## Problem to solve
Your output should be the complete listing, word for word, with no pictures in it.

## Data shown
--

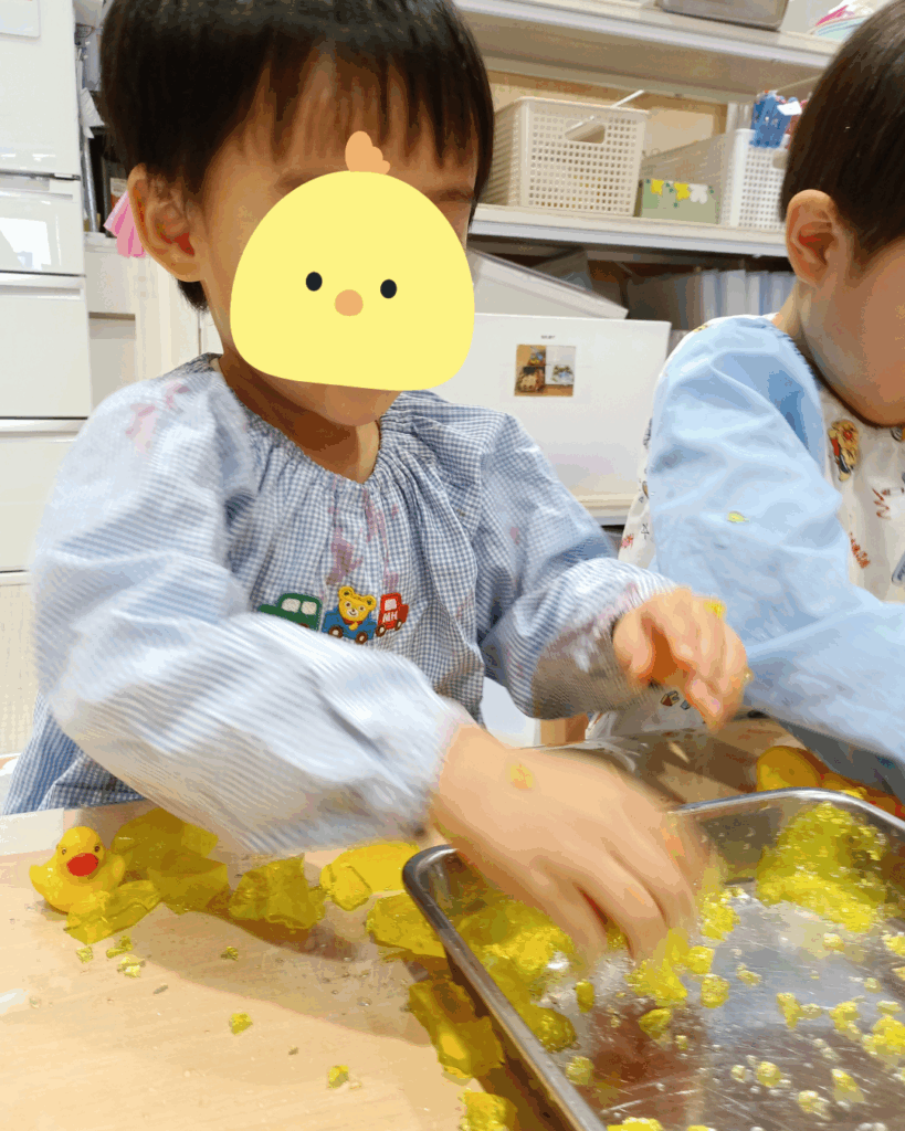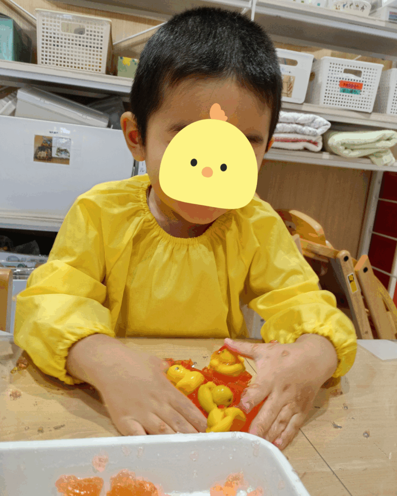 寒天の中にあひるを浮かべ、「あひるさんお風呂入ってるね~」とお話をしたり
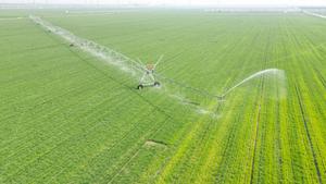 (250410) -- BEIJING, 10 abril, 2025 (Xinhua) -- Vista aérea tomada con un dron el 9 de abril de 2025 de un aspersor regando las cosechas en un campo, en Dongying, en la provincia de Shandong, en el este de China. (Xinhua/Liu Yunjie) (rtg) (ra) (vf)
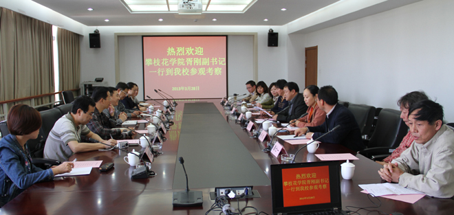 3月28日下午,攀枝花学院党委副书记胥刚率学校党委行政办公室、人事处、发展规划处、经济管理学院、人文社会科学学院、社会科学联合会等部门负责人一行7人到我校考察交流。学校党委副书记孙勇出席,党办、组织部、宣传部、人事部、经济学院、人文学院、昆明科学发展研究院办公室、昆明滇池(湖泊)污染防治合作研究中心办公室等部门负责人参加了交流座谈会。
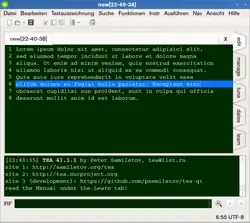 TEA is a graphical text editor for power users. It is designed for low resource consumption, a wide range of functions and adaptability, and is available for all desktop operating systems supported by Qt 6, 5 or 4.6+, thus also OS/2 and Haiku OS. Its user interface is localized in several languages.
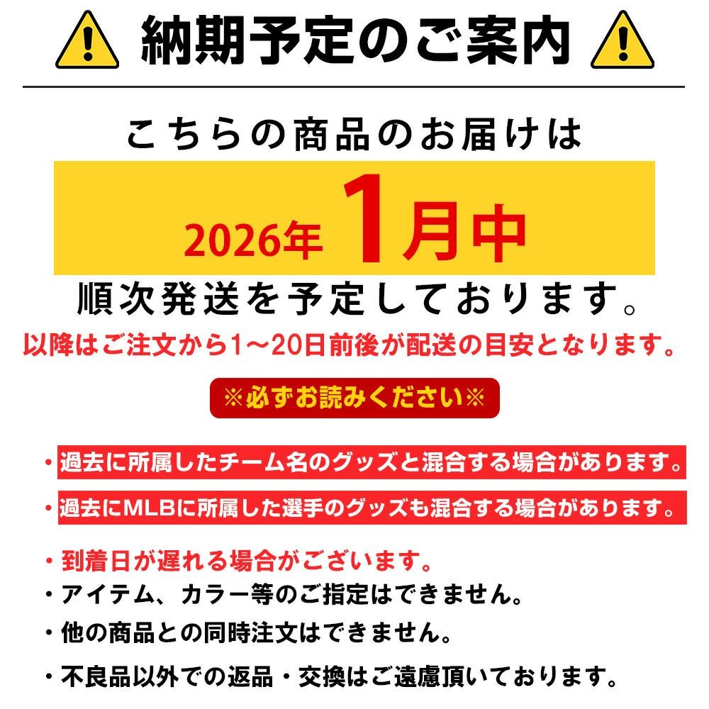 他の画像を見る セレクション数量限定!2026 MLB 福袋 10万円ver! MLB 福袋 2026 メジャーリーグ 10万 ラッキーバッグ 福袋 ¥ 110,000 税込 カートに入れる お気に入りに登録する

--

## Written solution
 寒天の中にあひるを浮かべ、「あひるさんお風呂入ってるね~」とお話をしたり
 (250410) -- BEIJING, 10 abril, 2025 (Xinhua) -- Vista aérea tomada con un dron el 9 de abril de 2025 de un aspersor regando las cosechas en un campo, en Dongying, en la provincia de Shandong, en el este de China. (Xinhua/Liu Yunjie) (rtg) (ra) (vf)
 3月28日下午,攀枝花学院党委副书记胥刚率学校党委行政办公室、人事处、发展规划处、经济管理学院、人文社会科学学院、社会科学联合会等部门负责人一行7人到我校考察交流。学校党委副书记孙勇出席,党办、组织部、宣传部、人事部、经济学院、人文学院、昆明科学发展研究院办公室、昆明滇池(湖泊)污染防治合作研究中心办公室等部门负责人参加了交流座谈会。
 TEA is a graphical text editor for power users. It is designed for low resource consumption, a wide range of functions and adaptability, and is available for all desktop operating systems supported by Qt 6, 5 or 4.6+, thus also OS/2 and Haiku OS. Its user interface is localized in several languages.
 他の画像を見る セレクション数量限定!2026 MLB 福袋 10万円ver! MLB 福袋 2026 メジャーリーグ 10万 ラッキーバッグ 福袋 ¥ 110,000 税込 カートに入れる お気に入りに登録する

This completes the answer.